Find the line with "学院互联网协会理事代表发言(左上:赛伯乐" in the data below. Repeat it and every line after it exactly, but not the pictures.

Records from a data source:
--

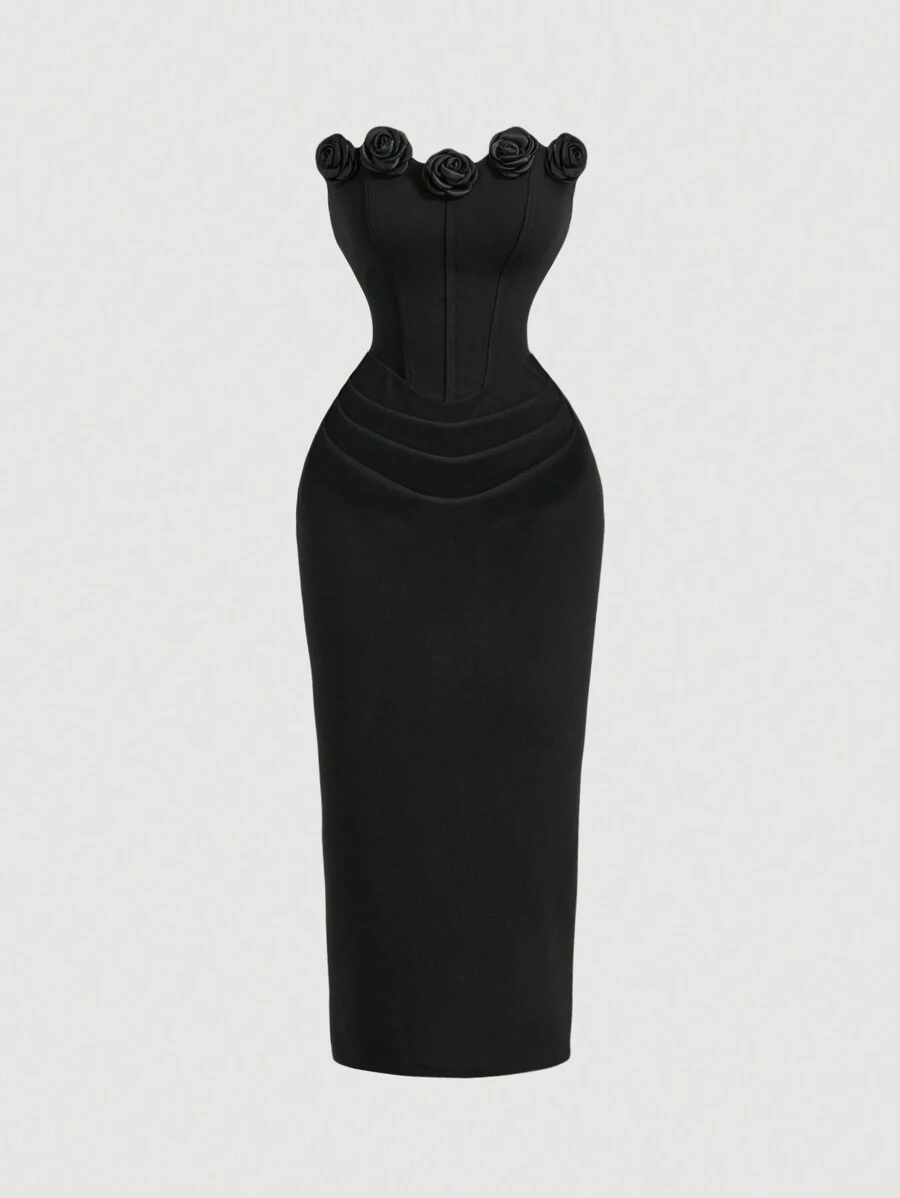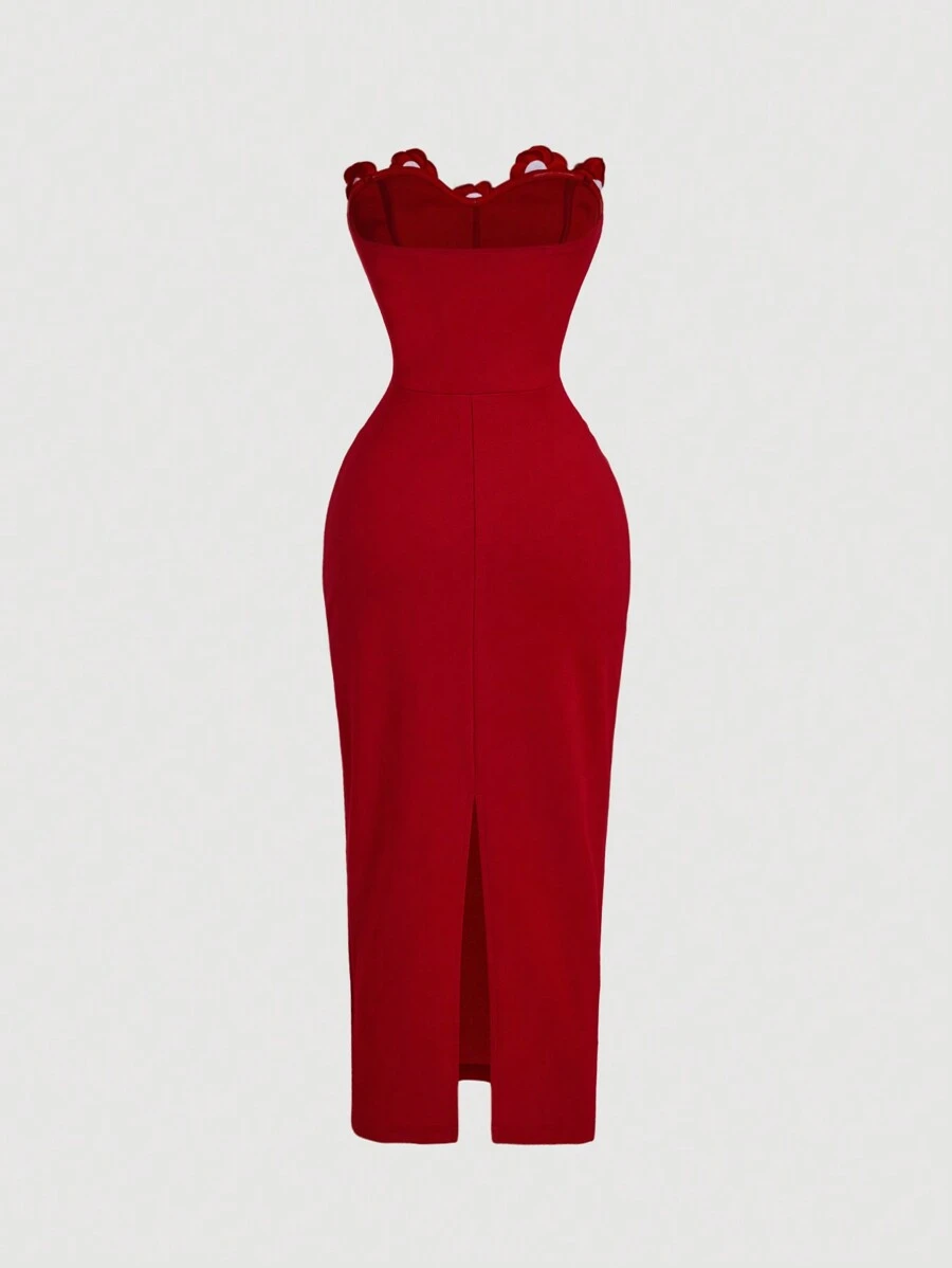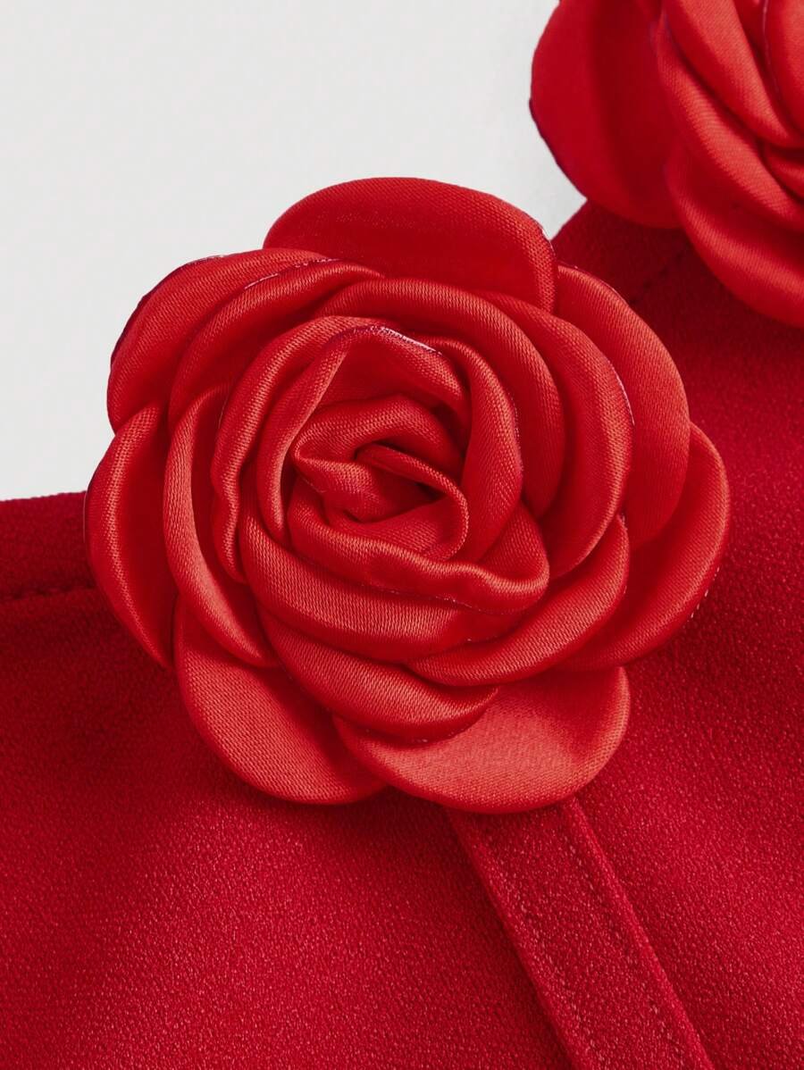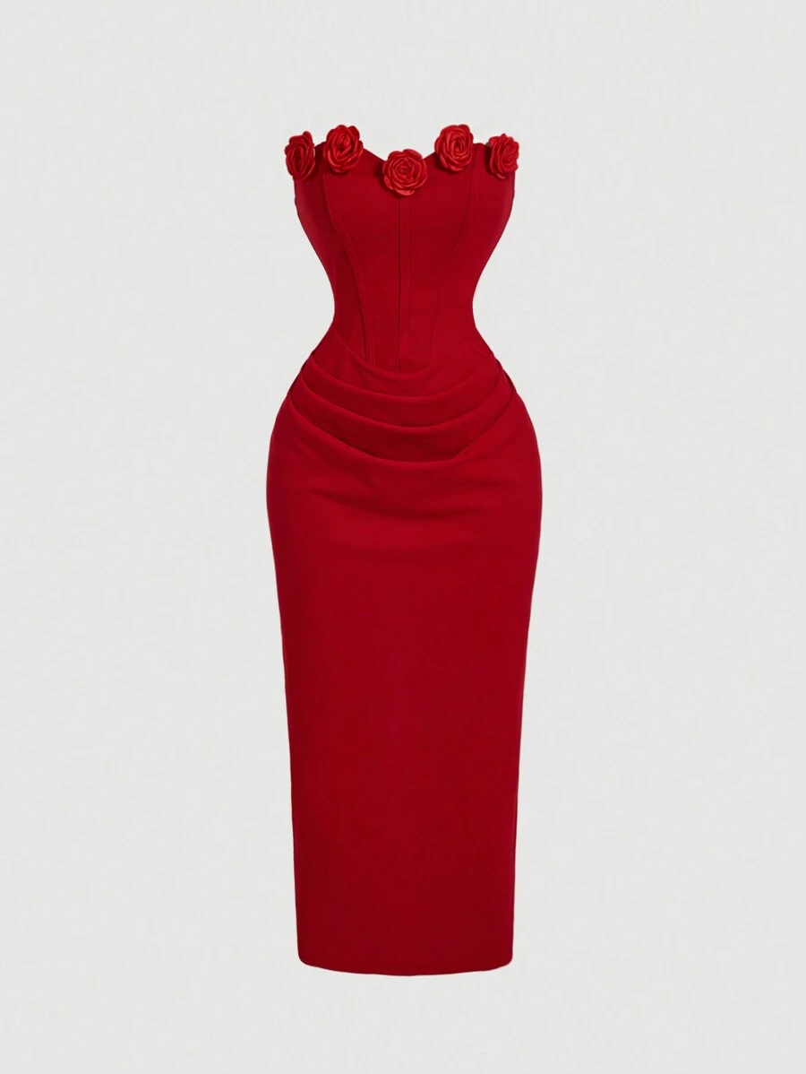 Vestido tubo midi con fruncidos y flores 3D en color rojo
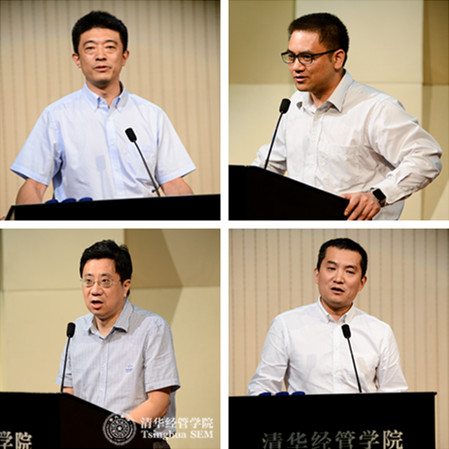 学院互联网协会理事代表发言(左上:赛伯乐集团的高级合伙人高翔(经1986),右上:优酷土豆集团副总裁陈翌(MBA2005),左下:温州移动董事总经理张伟聪(EMBA2009),右下:平安集团副总经理马俊生(EMBA2010))
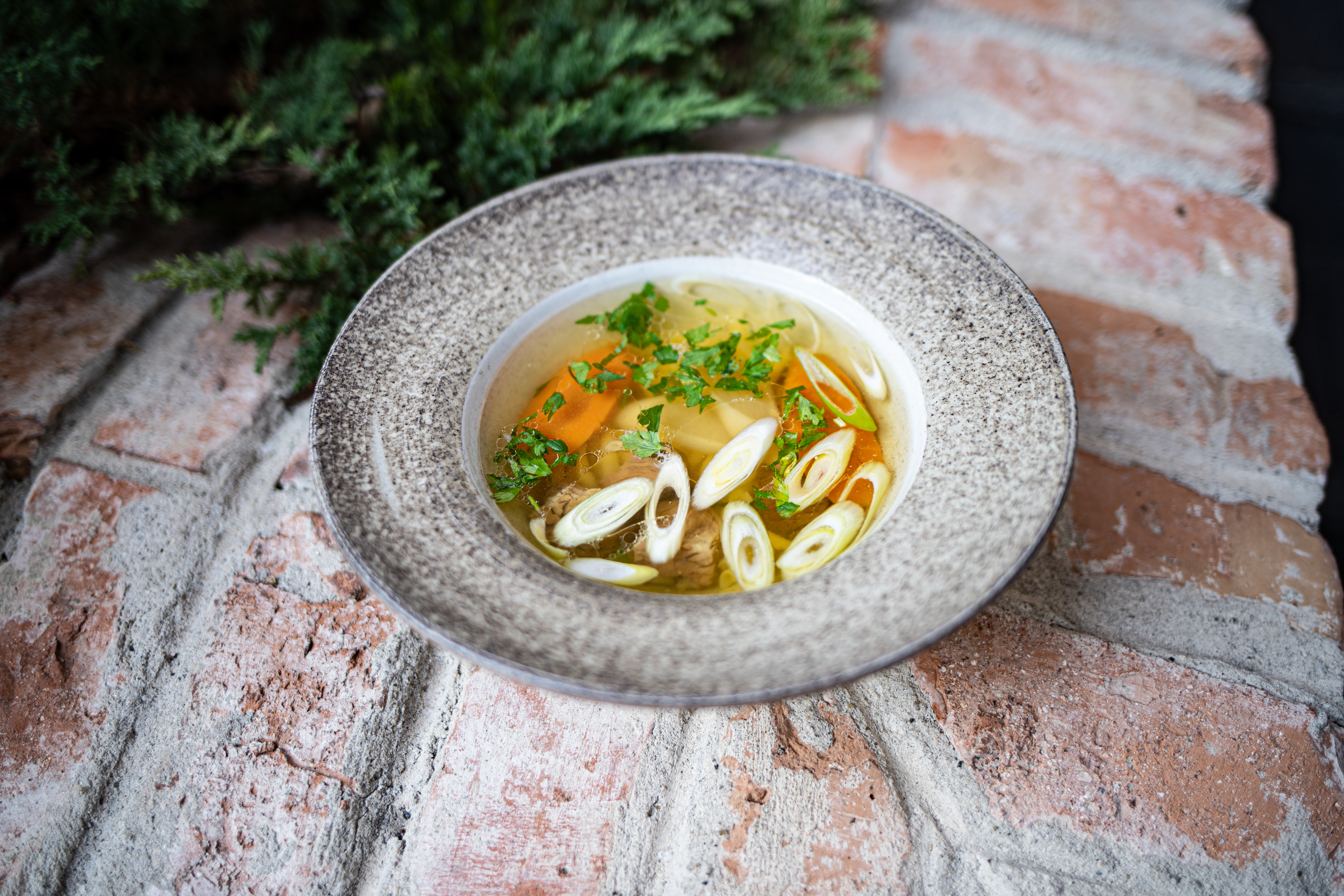 Tyúkhúsleves, főtt hús, cérnametélt, szezonális zöldségek
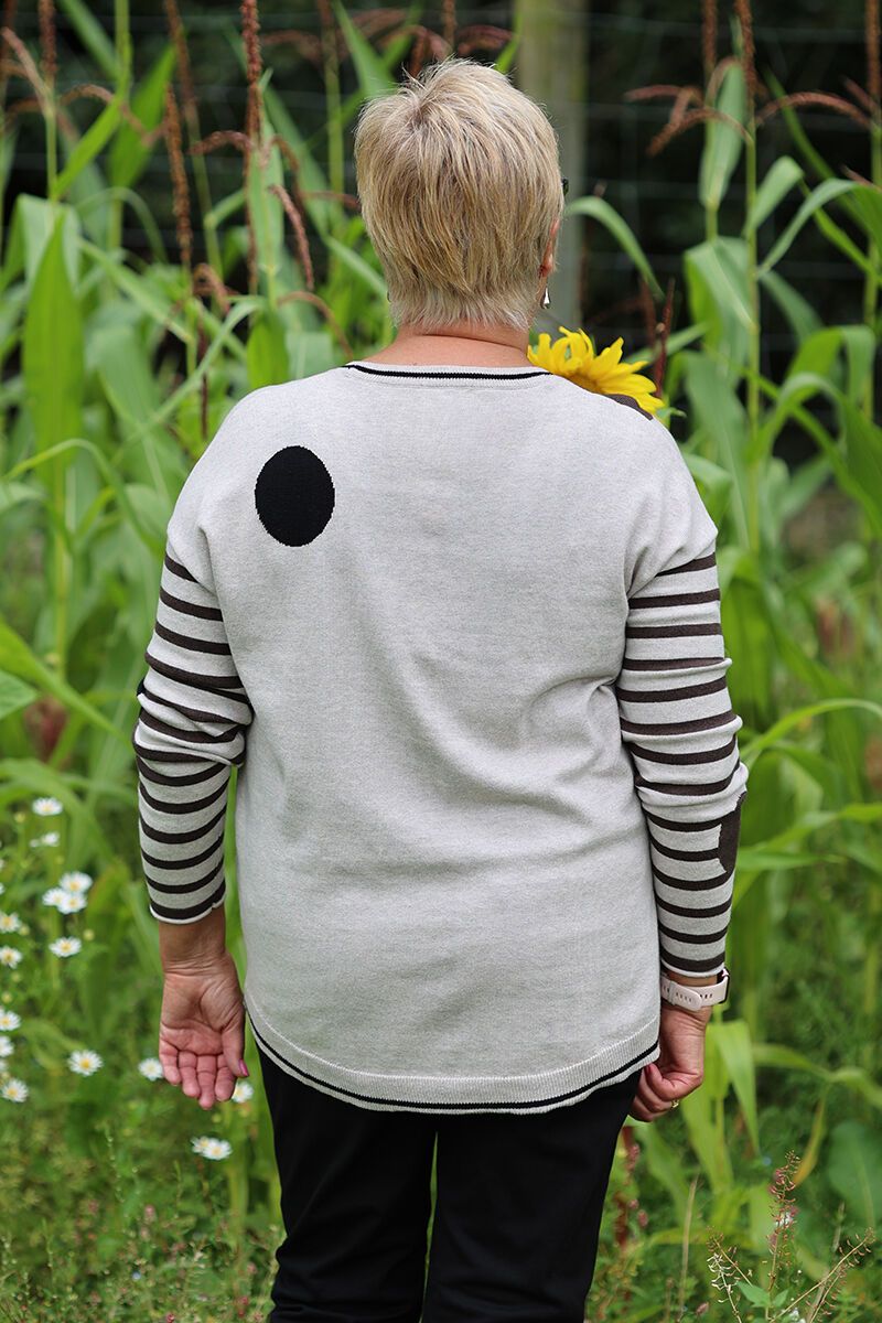 A playful Oh Three Spots & Stripes knit with everyday ease, this jumper combines bold spot detailing with classic stripe sleeves. A cotton cashmere blend is always popular.
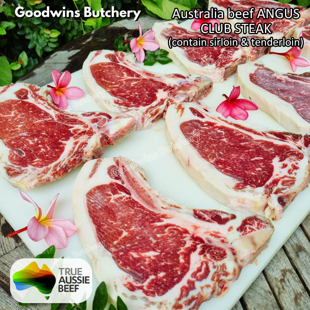 When the beef shortloin is cut with bandsaw become steaks; half of it has descent size of tenderloin we name it as TBONE STEAK or PORTERHOUSE, while the other half has less/small bits of tenderloin we name them as TBONE CLUB STEAK which is automatically cheaper than the TBONE.
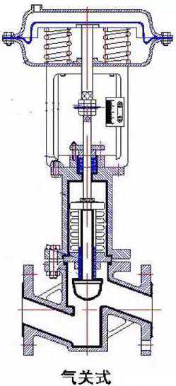 气关式执行机构在输入信号增加时,在薄膜膜片上产生一个推力,克服弹簧的作用力后而将阀门关闭。如图:

--

RESPONSE TO THE EXERCISE:
 学院互联网协会理事代表发言(左上:赛伯乐集团的高级合伙人高翔(经1986),右上:优酷土豆集团副总裁陈翌(MBA2005),左下:温州移动董事总经理张伟聪(EMBA2009),右下:平安集团副总经理马俊生(EMBA2010))
 Tyúkhúsleves, főtt hús, cérnametélt, szezonális zöldségek
 A playful Oh Three Spots & Stripes knit with everyday ease, this jumper combines bold spot detailing with classic stripe sleeves. A cotton cashmere blend is always popular.
 When the beef shortloin is cut with bandsaw become steaks; half of it has descent size of tenderloin we name it as TBONE STEAK or PORTERHOUSE, while the other half has less/small bits of tenderloin we name them as TBONE CLUB STEAK which is automatically cheaper than the TBONE.
 气关式执行机构在输入信号增加时,在薄膜膜片上产生一个推力,克服弹簧的作用力后而将阀门关闭。如图:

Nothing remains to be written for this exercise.